I remember I jerked my head back slightly, I didn't know how to explain it because if anything, the more days that passed by, the more I missed you. I told her that and she made that face you used to make when you saw those ASPCA commercials. Gabby asked if I ever thought about dating after, when I was still young, but I shook my head and shrugged my shoulders.

I took a deep breath, because I was going to explain to her something I never said out loud before. I took her hand and squeezed it lightly before I looked into her blue eyes, shaking my head side to side. I told her that when you died, a piece of me died as well. But, I couldn't let that show as much as I wanted to because I had her and Justin to take care of and worry about and love.

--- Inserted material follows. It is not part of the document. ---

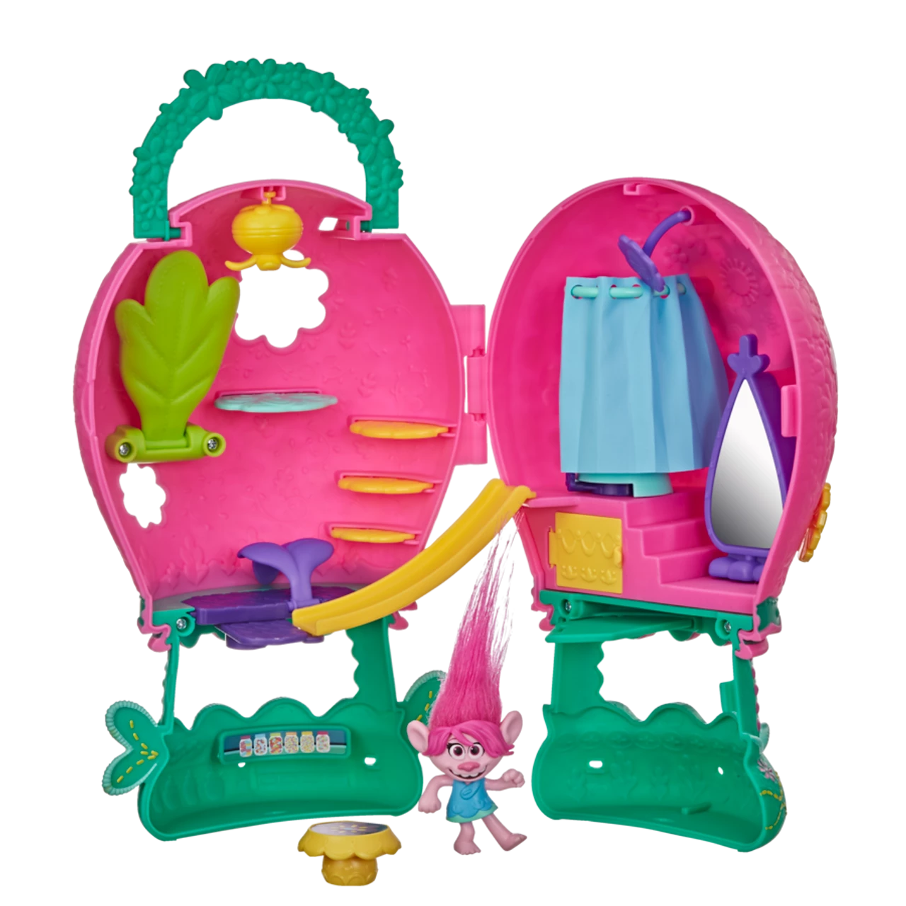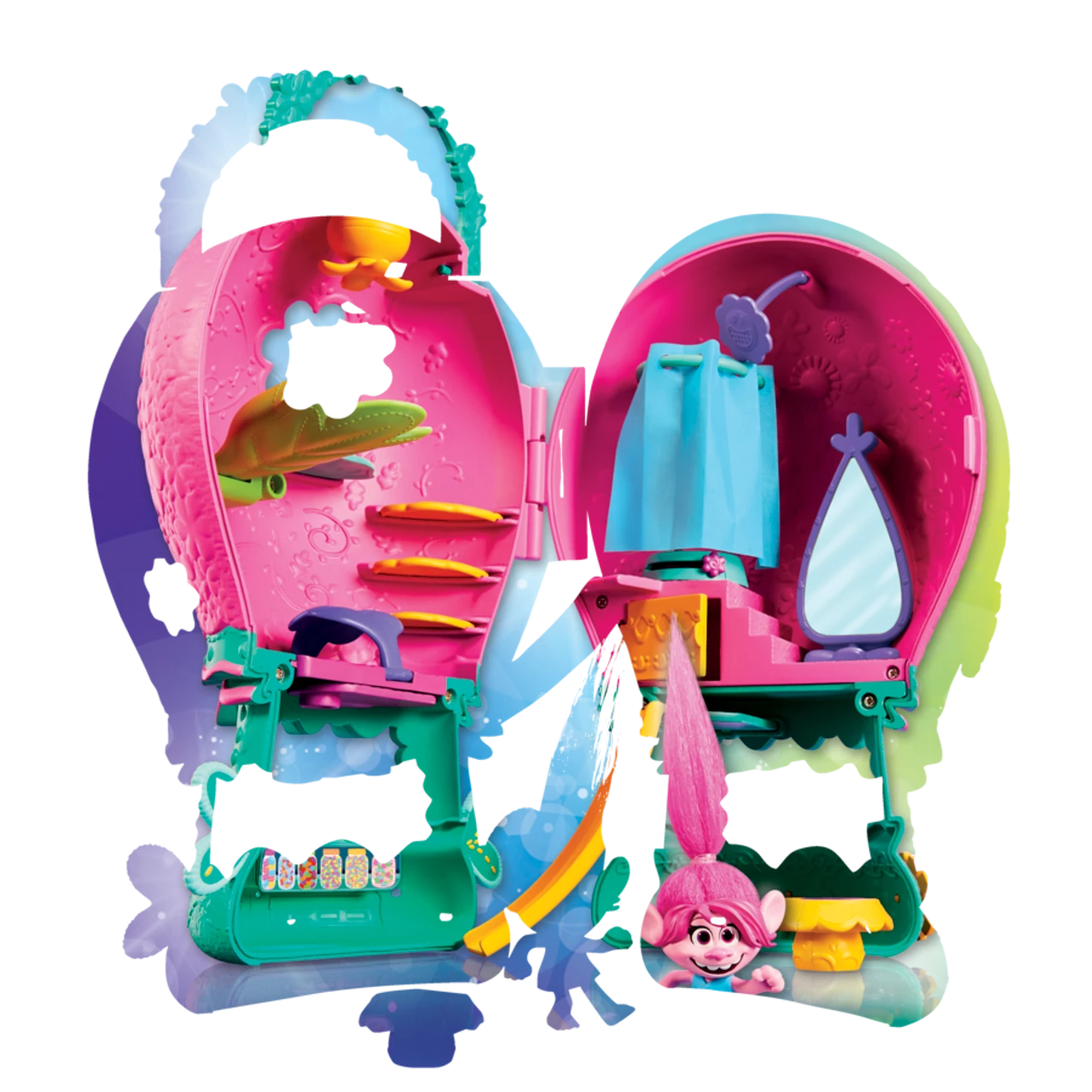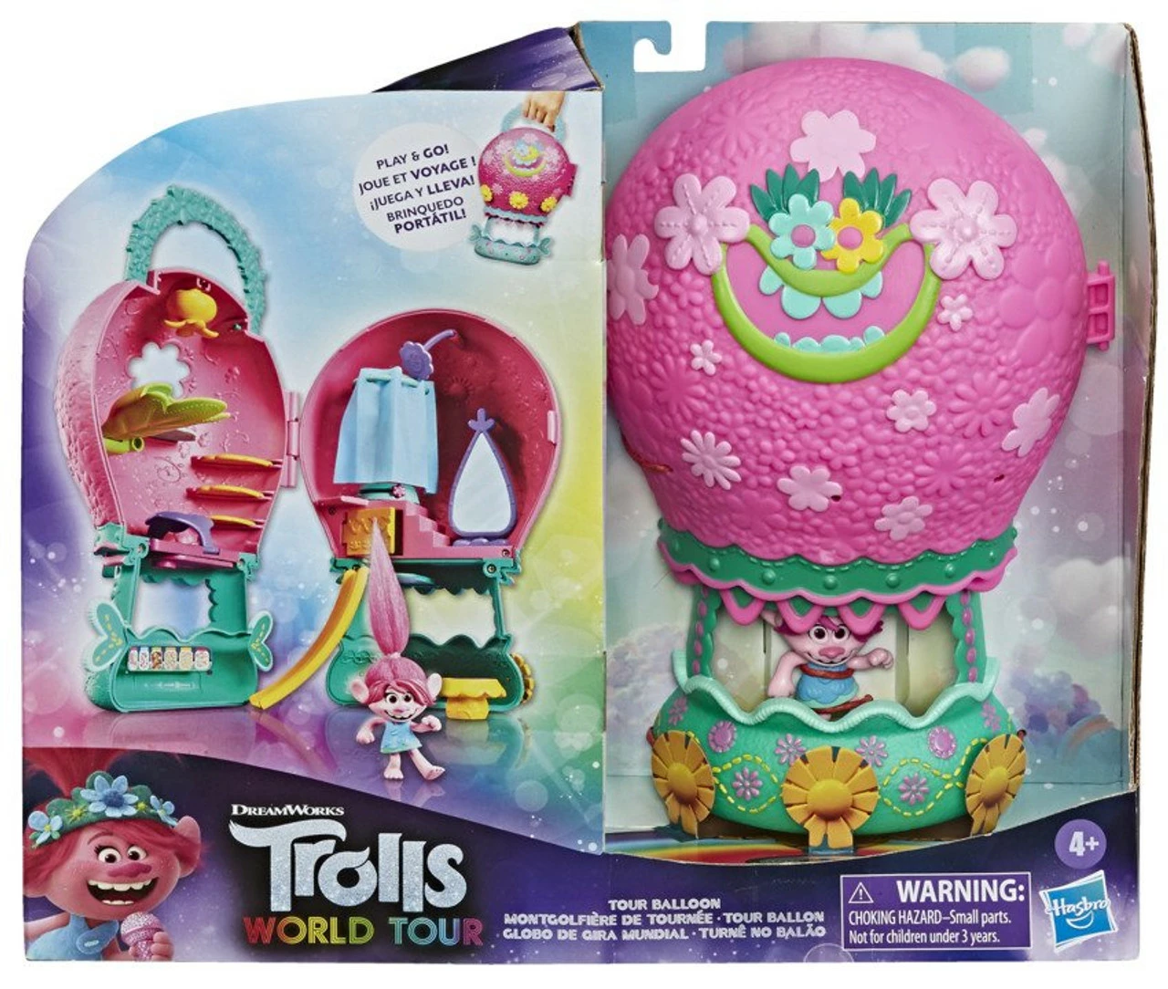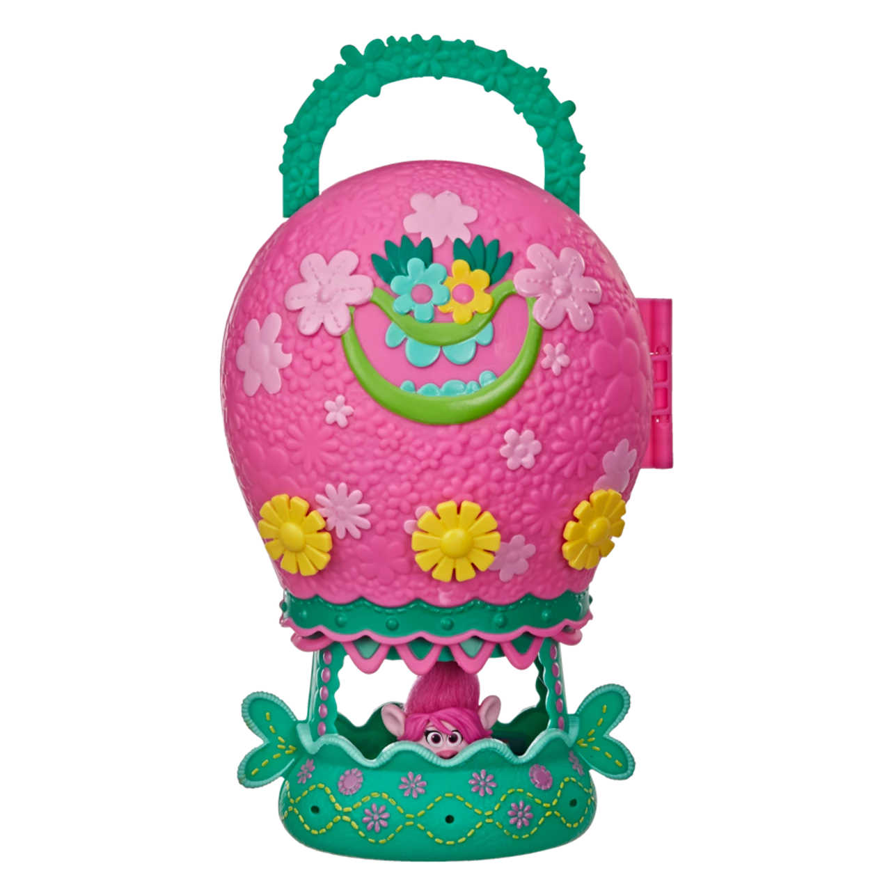 When DreamWorks Poppy sets out on her adventure, she travels in style in her butterfly-powered balloon. Now kids can take their Trolls dolls on an awesome adventure with the DreamWorks Trolls World Tour Tour Balloon. This playset opens up to reveal everything Poppy needs to travel on her adventure, including a bed that folds down, a shower with shower curtain, a slide that can be attached to different places, and 3 flowers that can also be moved to different places so kids can customize their toy. And when they’re done playing, they can store the included Poppy figure and other DreamWorks Trolls dolls like Branch, DreamWorks Trolls Cooper, Biggie, Cloud Guy, Guy Diamond and others inside, then use the handle on top to take it along for on-the-go play. (Additional figures sold separately. Subject to availability.) DreamWorks Trolls Copyright 2020 DreamWorks Animation LLC. All rights reserved. Hasbro and all related terms are trademarks of Hasbro.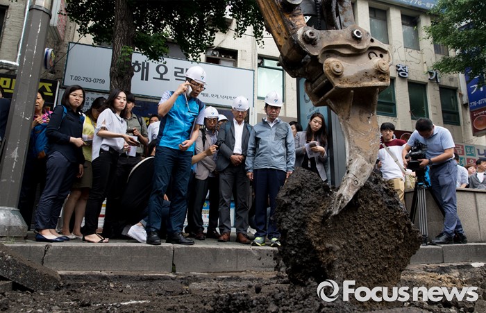 (서울=포커스뉴스) 박원순 서울시장이 20일 오전 서울역 인근 도로에서 동공 굴착 원인조사 및 복구과정을 점검하고 있다.

I explained to her that when you passed away I had to figure out what to say, how to describe to our children what had happened and why Mommy wasn't going to be at dinner, why Mommy couldn't read a bedtime story, why Mommy isn't there to stop me from embarrassing Gabby and myself during our 'sex' talk and why Mommy couldn't be the one to catch Justin drunk for the first time. I had to worry about how to tell Gabby about her period, explain to Justin that girl's are to be treated with respect or he would meet the wrath of my fist and vicious words, I had to explain to the PTA bitches that I was Justin's mother and that his 'birth' mother was dead.

But the thing was, the thing that made me miss you more with each and every day, no one ever explained to me why you weren't coming back. No one explained to me why you weren't going to be there beside me in the morning when I opened my eyes. They never carefully told me that you were not going to be there to hold my hand at the movies when I get scared because of the previews. I was not sat down and explained why my best friend, my wife, my best of me was never coming back to me.